Monsieur [V] ayant exposé des frais pour obtenir la reconnaissance de ses droits, il est équitable de condamner la société MATMUT à lui payer la somme de 1 300 euros en application de l’article 700 du code de procédure civile.
PAR CES MOTIFS
LE TRIBUNAL,
Statuant par mise à disposition au greffe, par jugement contradictoire, en matière civile ordinaire, en premier ressort, après en avoir délibéré conformément à la loi,
Accueille l’intervention volontaire de la CAISSE COMMUNE DE SECURITE SOCIALE DES HAUTES ALPES, venant aux droits de la CPAM DES BOUCHES DU RHONE.
Evalue le préjudice corporel de Monsieur [W] [V], après déduction des débours de la CCSS DES HAUTES ALPES ainsi que suit :
- dépenses de santé actuelles476 euros
- frais divers660 euros
- pertes de gains professionnels actuels3 808, 76 euros
- assistance tierce personne1 370 euros
- incidence professionnelle...................................................20 000 euros
- déficit fonctionnel temporaire2 616, 30 euros
- souffrances endurées6 500 euros
- préjudice esthétique temporaire600 euros
- déficit fonctionnel permanent15 785 euros
- préjudice esthétique permanent1 000 euros
- préjudice d’agrément...........................................................5 000 euros
TOTAL57 816, 06 euros
PROVISION A DÉDUIRE3 000 euros
RESTE DU54 816, 06 euros
EN CONSÉQUENCE :
Condamne la société MATMUT à payer avec intérêts au taux légal à compter du présent jugement à Monsieur [V] :
- la somme de 54 816, 06 euros en réparation de son préjudice corporel, et ce déduction faite de la provision précédemment allouée,
- la somme de 1 300 euros au titre de l’article 700 du code de procédure civile.
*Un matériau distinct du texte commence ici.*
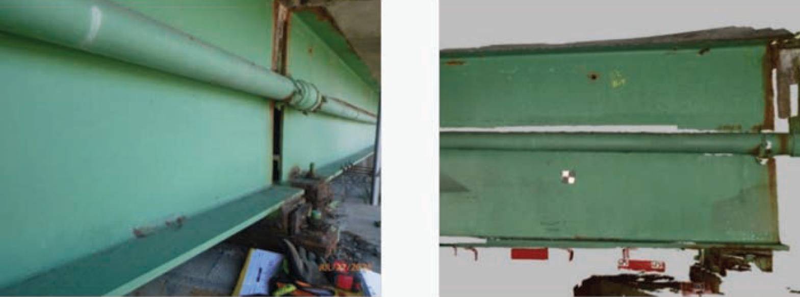 Steel bridge girders showing signs of deterioration (reflected in the captured 3D scan data).

Condamne la société MATMUT à payer à la CAISSE COMMUNE DE SECURITE SOCIALE DES HAUTES ALPES les sommes de :
- 15 983, 92 euros au titre de ses débours, avec intérêts à compter du 7 octobre 2022
- 1 114 euros au titre de l’indemnité forfaitaire
- 500 euros au titre des frais irrépétibles.
Juge qu’il n’y a pas lieu d’écarter l’exécution provisoire de droit de la présente décision .
Condamne la société MATMUT aux entiers dépens, avec distraction au profit de Maître Karine TOUBOUL-ELBEZ et de Maître Régis CONSTANS, avocats, sur leur affirmation de droit.
AINSI JUGE ET PRONONCE PAR MISE A DISPOSITION AU GREFFE DE LA DEUXIÈME CHAMBRE DU TRIBUNAL JUDICIAIRE DE MARSEILLE LE VINGT DEUX MARS DEUX MILLE VINGT-QUATRE.